Published by 「ϻȝƚɋɣαɦȡ 」 under on 11:01:00


Ela:

Entre as ausências postas nos espaços do tempo, reverbera dentro de todo meu ser um gritante desejo; “És forte”, dizem-me alguns. Que sabem de mim, senão o que lhes deixo perceber?
Sou frágil como o mais fino cristal que a uma leve brisa vibra, e sou forte como a origem de tal brisa: tempestuoso bater de asas. Sou eu e tenho dentro de mim um antagonismo ao meu próprio ser: passo a existir como quem não existe; sou quem não pode ser; a que não é vista, nem percebida – tudo por eu mesma, no vértice de minha essência. Minha essência, oh! E o que dela verte, senão os mais tímidos desejos suprimidos? Desejos de criança, inocentes, imaculados; e a ela também, bem o sei, vertem-se desejos alheios: por alguns poucos posso me sentir bem-amada. Se bem que, afinal, que é o amor?

Ele:

Oh! Que assombrosa dúvida, q’rid’amiga, sobre o imo lhe pesa! Retira de ti este pesar, limpa o teu ser de todo alquímico pó da natureza às controversas.
O amor, se a mim permites expor o que penso sobre, é um sentimento de doação; Percebas, não se pode amar se pensa-se em si mesmo com egoísta sentir: não se deve q’rer estar com alguém por sentirmo-nos bem com este, tão unicamente – mas sim sentirmo-nos bem em fazer bem a esta pessoa – um desejar-nos bons sentimentos através do bom sentir da amada pessoa, sem sermos, no entanto, egoístas. Em verdade é uma reação da ação que traduz o amar. É ser a razão de alegrias desta pessoa, sem ser, contudo, a única: sua liberdade para voar é o que de mais precioso se lhe pode oferecer quem a ame.

Ela:

Estás certo, talvez, meu querido, mas os teus sentimentos aos meus divergem-se; quero dizer, por vezes a logos está sobre meu coração; ensina-me a pensar com o coração, a sentir com a razão.

Ele:

Ensino, com todo o demasiado prazer de estar a tua presença. Que suas ausências preencham-se de tua própria essência; a sede pelo novo lhe seja saciada através de tua incansável busca por tal; parte, sim, parte rumo ao feroz destino de um viandante das estrelas: busca na imensidão do universo o elixir para tua sempiterna existência. E, no entanto, estarás para todo o incontável tempo que cabe a uma eternidade – dentro do íntimo meu, nos mais profundos espaços de meu coração: do desconhecido ao perfeitamente sabível, és em mim. Sua existência traz-me alegrias; dou por ti a respiração de meu corpo. Rufemos as asas, de par em par... Diria Alphonsus! Subamos ao céu, desçamos ao mar... Partamos, partamos! Pois o mundo para nós já não é necessário, está realizado o que incumbidos fomos a fazer. Libertam-se nossas almas destas velhas carcaças, pobre material orgânico que gera o direito a luxúria - mais diria, o indesejado sentimento de luxúria – em algumas ocasiões - - e, no ventre da mãe Terra, haverá de perecer e nova beleza gerar: dar alento as flores campestres, quais a primaveril aragem sopra existência, ateia história!
Sim, partamos rumo ao infinito! Sejamos o infinito!
Dá-me, minha querida, as tuas mãos. Permite-me segurar-lhas enquanto voamos a altitudes nunca d’antes experimentas pelo humano ser. Como é tão mais bela a vista de cá! Como tudo é novo!

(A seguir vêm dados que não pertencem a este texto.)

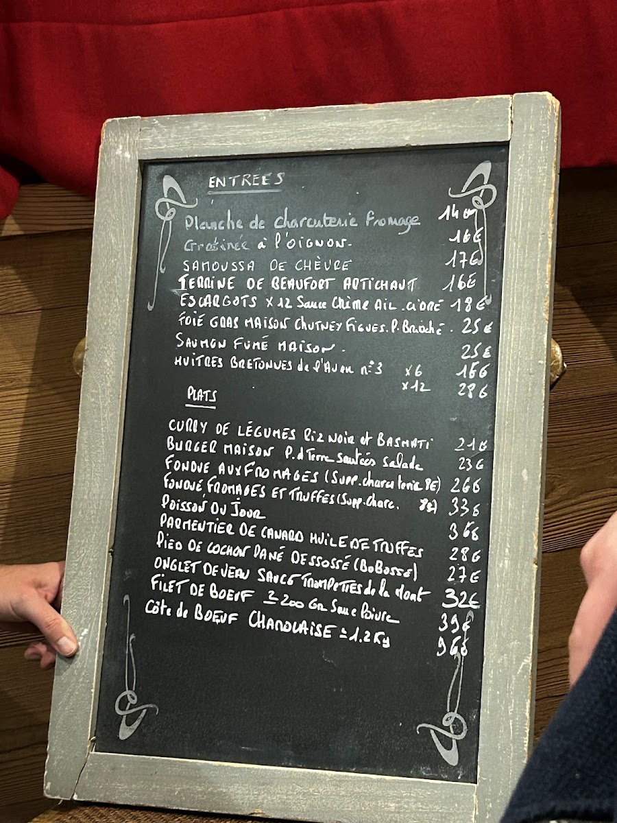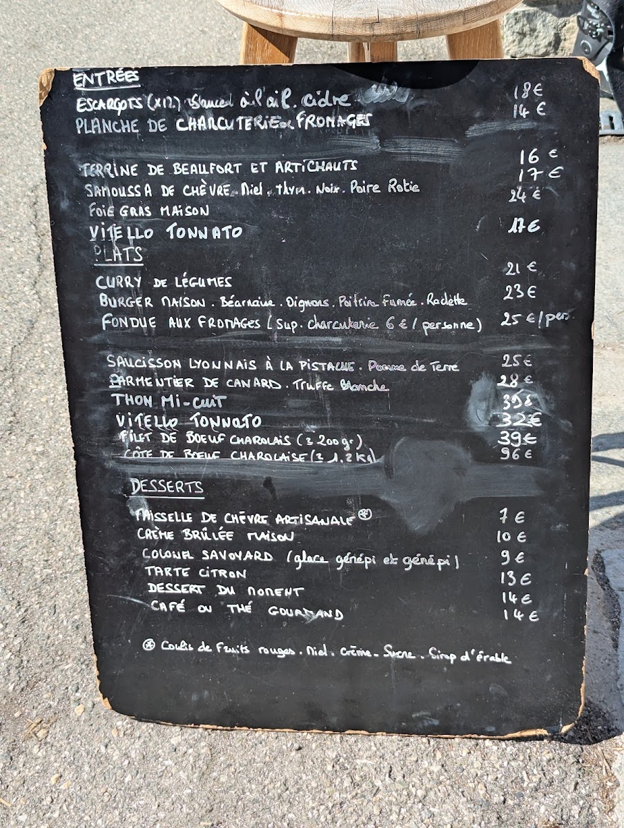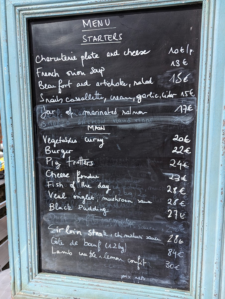 Moving to the mains, the Curry de légumes offers a vegetarian option, while the Burger served with sautéed potatoes and salad is a hearty favorite. The Fondue aux fromages comes with a salad, with an optional supplement of charcuteries (8 €) for extra flavor. Seafood lovers will appreciate the Noix de Saint Jacques meunière (x5) with sweet potato puree and roasted vegetables. The centerpiece of the menu is the impressive Côte de Boeuf Limousine (1kg), designed to be shared by two guests.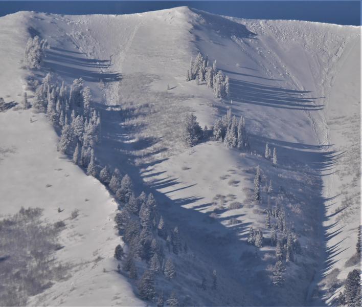 It finnally cleared up and we could see more recent natural avalanche activity in the Wellsville Range, including a couple in Old Logway Canyon that were probably caused by cornice falls.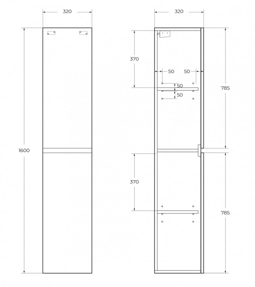 Пенал Belbagno Albano-1600-2A-SC-CVG-P, 32 см, подвесной, серый
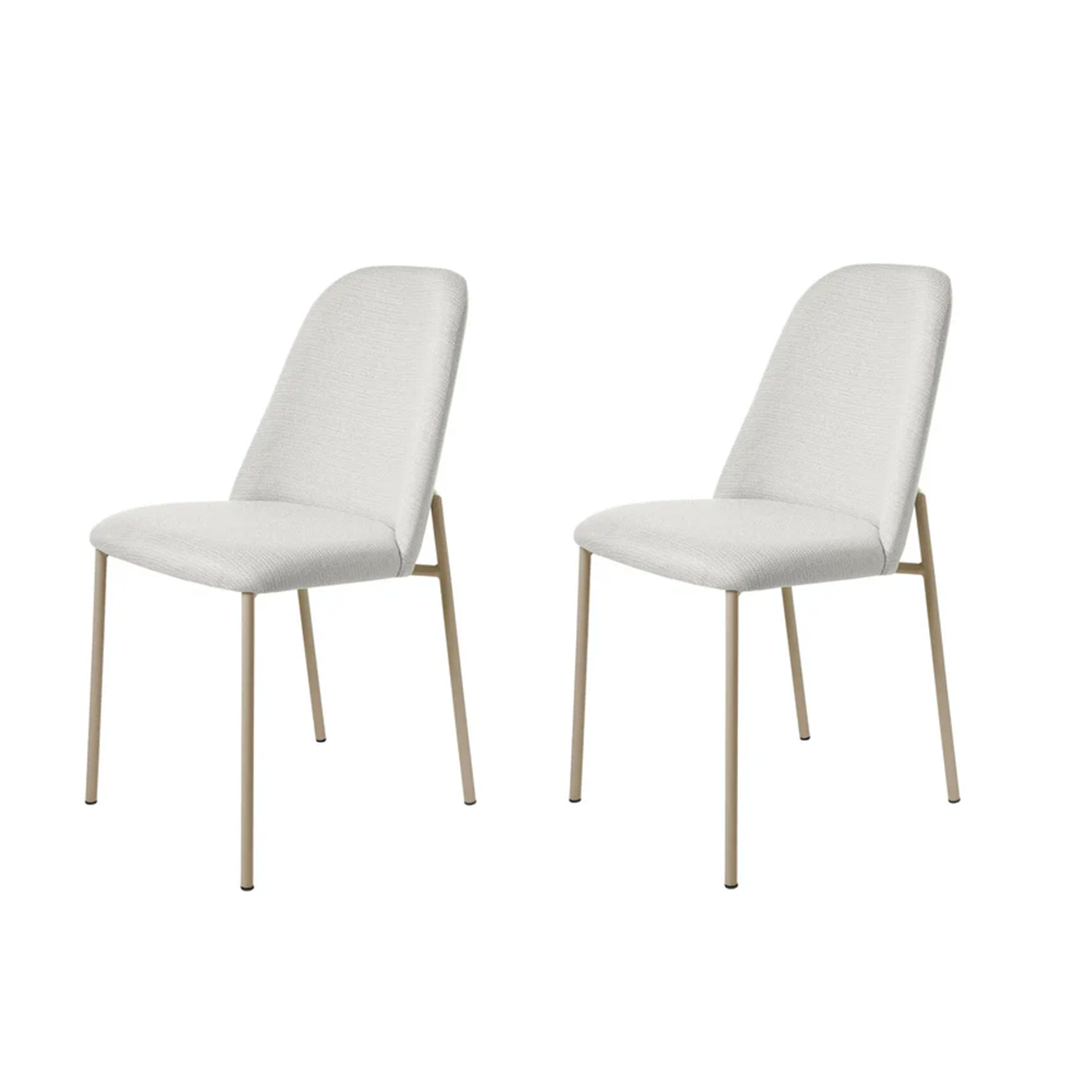 Conjunto de 2 Cadeiras de Aço Estofada Lucille - Champanhe c/ Linho Mescla Cru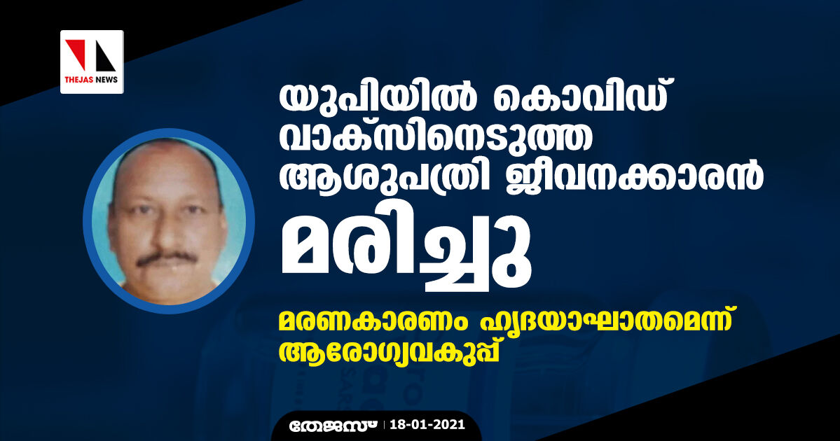 യുപിയില് കൊവിഡ് വാക്സിനെടുത്ത ആശുപത്രി ജീവനക്കാരന് മരിച്ചു; മരണകാരണം ഹൃദയാഘാതമെന്ന് ആരോഗ്യവകുപ്പ്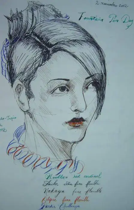 ) también uso las plumas japonesas que tengo, que son puntos finos, son estupendas para el dibujo: Sailor 1911 EF, Sailor Sapporo F, y las Pilot que tienen una gran suavidad (Pilot heritage ´91 SF, y Pilot 74 también SF). También suelo utilizar una lamy allstar EF.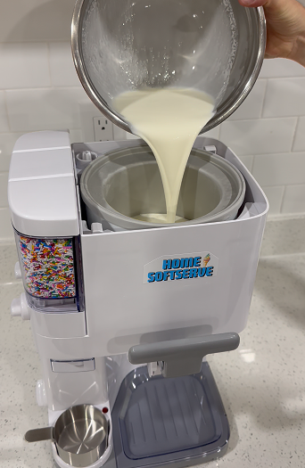 Start by pouring in cold, fresh milk as the creamy base for your ice cream. Use whole or low-fat milk for your desired richness and texture.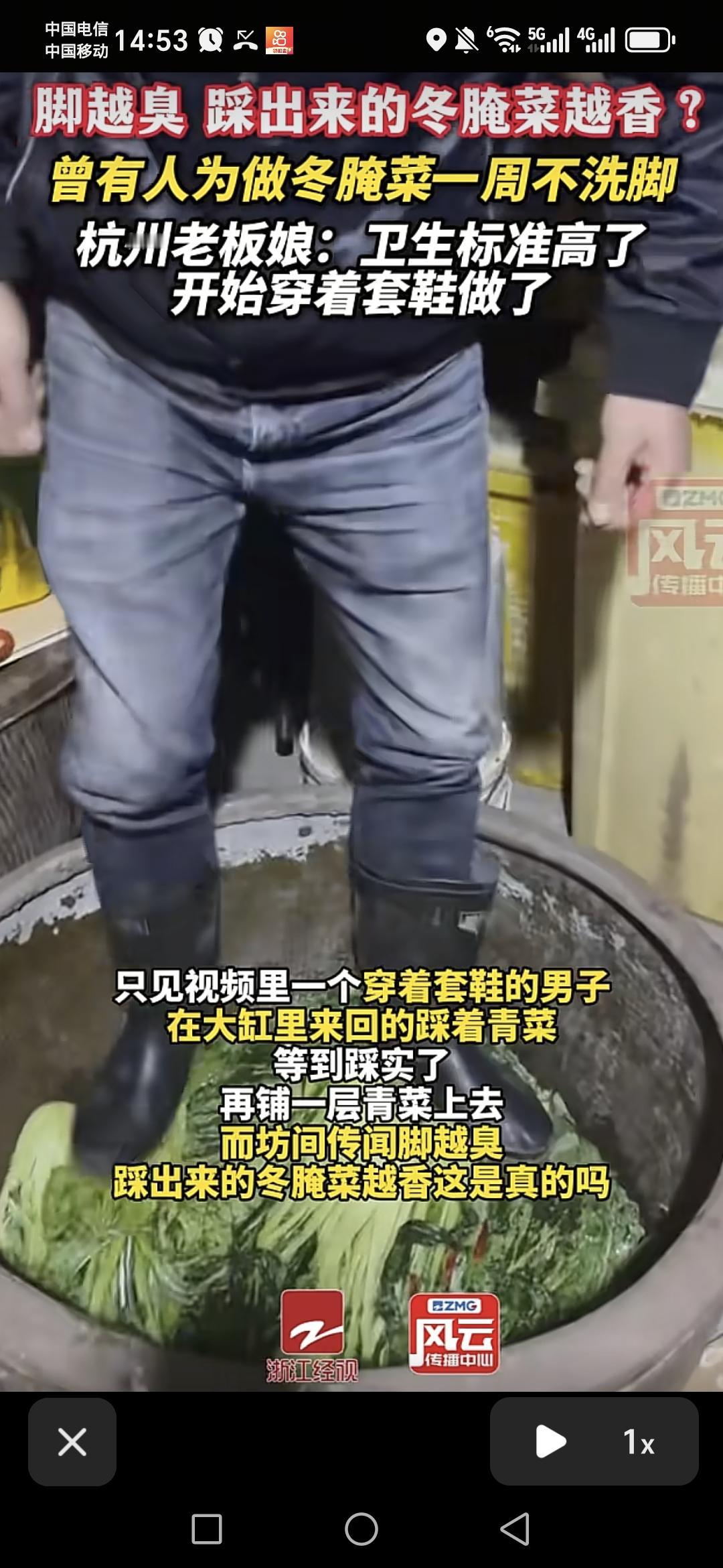 杭州余杭区一位农庄的老板娘分享了一段人穿着鞋靴在冬菜上不断踩压的视频,网友们炒翻了天。坊间传闻,腌制冬菜的时候,人是赤脚的,而且脚越臭,腌出来的冬菜就越好吃。老板娘回应了,这一说法,在以前人们都是赤脚的因为不穿鞋的话,不容易把菜叶子踩碎,而且光着脚,力度就刚刚好。野菜刚好贴合,所以腌出来的菜就更好吃。有专家表示腌冬菜好不好吃,事实上吃的都是冬菜表面的乳酸菌,而人体上的一些菌落也不会与菜的细菌切合,所以腌冬菜与穿不穿鞋是没有直接的关系。

Quem narra o que algum dia ouvira de sua avó:

{ Fecham-se num forte laço, das alegrias maiores o afável abraço. Seus corpos, entre lágrimas de pureza, perecem, acalentam a terra, geram vida; suas almas, ah! Estas desconheço onde estejam, mas, onde quer que seja, estarão a voar em plena liberdade... Para sempre na eterna novidade. São seres livres! }



Para minha filha Mayara:

Published by 「ϻȝƚɋɣαɦȡ 」 under on 20:44:00



Uma moça eu conheci que do real abstém-se para no vasto universo do sonhar adentrar;
Jovial, alegre e de presença extasiante,
Faz-me de, dum Tchaikovsky a suave melodia, sempiterno amante:
Romeu e Julieta no esquife reviram-se à de sua sensibilidade o vibrar,

Em notas que uma monocromática escala elas formam.
Desta agradável moça tornei-me amigo,
E desde então em meu coração a carrego comigo;
Por vezes, seus olhos magoados se tornam

- Sempre belos, no entanto!
E se se permite desfalecer em lúgubre pranto,
Desejo eu num abraço devolver-lhe do júbilo o encanto.

{...}

Dança ao luar, abraçada aos ventos,
Sente do amar os ternos acalentos;
Em seu peito habita os sentimentos mais meigamente opulentos.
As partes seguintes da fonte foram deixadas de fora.